Your objective >> From the material below, retype exactly the lines that begin at the line with "餐椅選用了寶藍+祖母綠+豆沙" and end after the line with "Jeudi | 11:00-19:00 |"; pictures stay out of the copy.

___ Input records ___

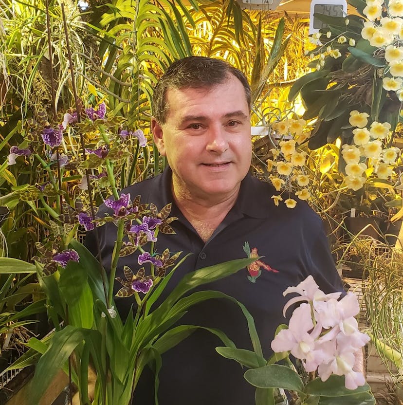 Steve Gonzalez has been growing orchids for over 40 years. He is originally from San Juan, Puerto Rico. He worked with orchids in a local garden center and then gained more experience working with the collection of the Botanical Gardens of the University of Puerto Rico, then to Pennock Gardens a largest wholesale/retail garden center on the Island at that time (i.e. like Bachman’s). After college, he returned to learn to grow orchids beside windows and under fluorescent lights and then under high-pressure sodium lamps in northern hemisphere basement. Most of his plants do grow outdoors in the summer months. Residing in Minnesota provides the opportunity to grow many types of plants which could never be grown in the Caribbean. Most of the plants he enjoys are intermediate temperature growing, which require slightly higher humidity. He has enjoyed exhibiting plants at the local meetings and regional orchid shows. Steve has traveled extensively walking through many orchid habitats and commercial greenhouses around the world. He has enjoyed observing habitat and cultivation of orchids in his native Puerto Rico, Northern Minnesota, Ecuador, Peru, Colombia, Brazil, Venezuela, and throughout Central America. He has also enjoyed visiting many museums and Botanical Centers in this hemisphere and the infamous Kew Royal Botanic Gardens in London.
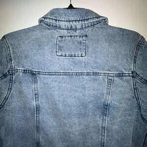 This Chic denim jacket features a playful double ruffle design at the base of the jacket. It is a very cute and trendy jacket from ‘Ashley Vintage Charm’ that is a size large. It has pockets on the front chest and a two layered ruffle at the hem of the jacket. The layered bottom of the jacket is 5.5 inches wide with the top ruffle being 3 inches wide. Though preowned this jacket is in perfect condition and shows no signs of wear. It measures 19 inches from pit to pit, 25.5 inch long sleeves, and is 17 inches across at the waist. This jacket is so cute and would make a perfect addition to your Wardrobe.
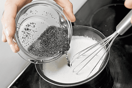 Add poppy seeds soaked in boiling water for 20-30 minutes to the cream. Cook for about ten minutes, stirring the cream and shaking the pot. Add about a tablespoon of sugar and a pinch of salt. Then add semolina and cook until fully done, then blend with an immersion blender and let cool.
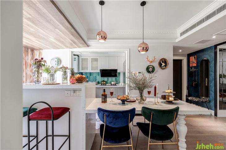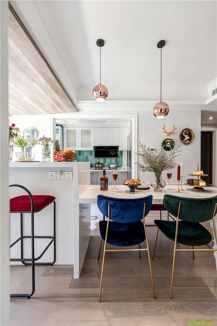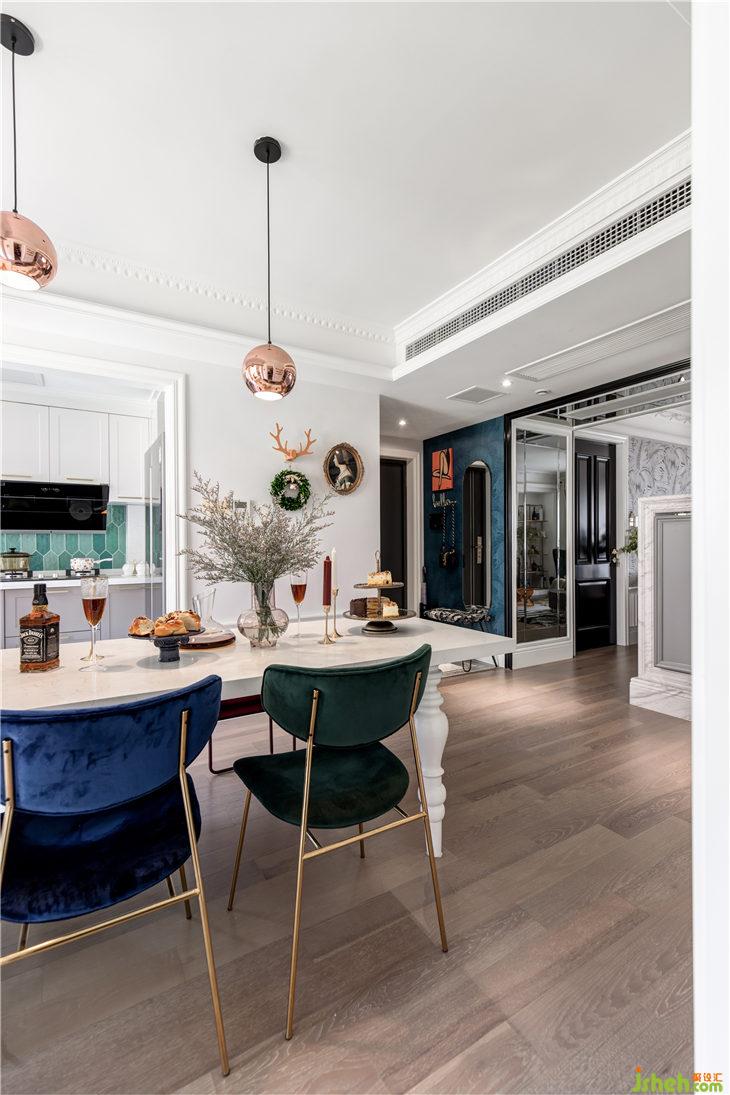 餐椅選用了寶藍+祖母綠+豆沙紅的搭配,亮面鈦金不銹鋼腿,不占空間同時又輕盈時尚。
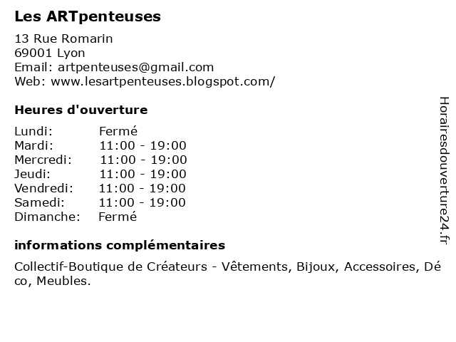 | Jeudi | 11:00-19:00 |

___
___ Input records ___

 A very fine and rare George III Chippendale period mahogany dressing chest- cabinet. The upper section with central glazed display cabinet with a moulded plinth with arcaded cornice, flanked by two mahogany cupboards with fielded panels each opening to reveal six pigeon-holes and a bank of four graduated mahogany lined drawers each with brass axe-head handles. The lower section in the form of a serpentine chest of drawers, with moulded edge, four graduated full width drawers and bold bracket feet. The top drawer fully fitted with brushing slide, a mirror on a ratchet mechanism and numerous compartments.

___

Solution for this problem >>
 餐椅選用了寶藍+祖母綠+豆沙紅的搭配,亮面鈦金不銹鋼腿,不占空間同時又輕盈時尚。
 | Jeudi | 11:00-19:00 |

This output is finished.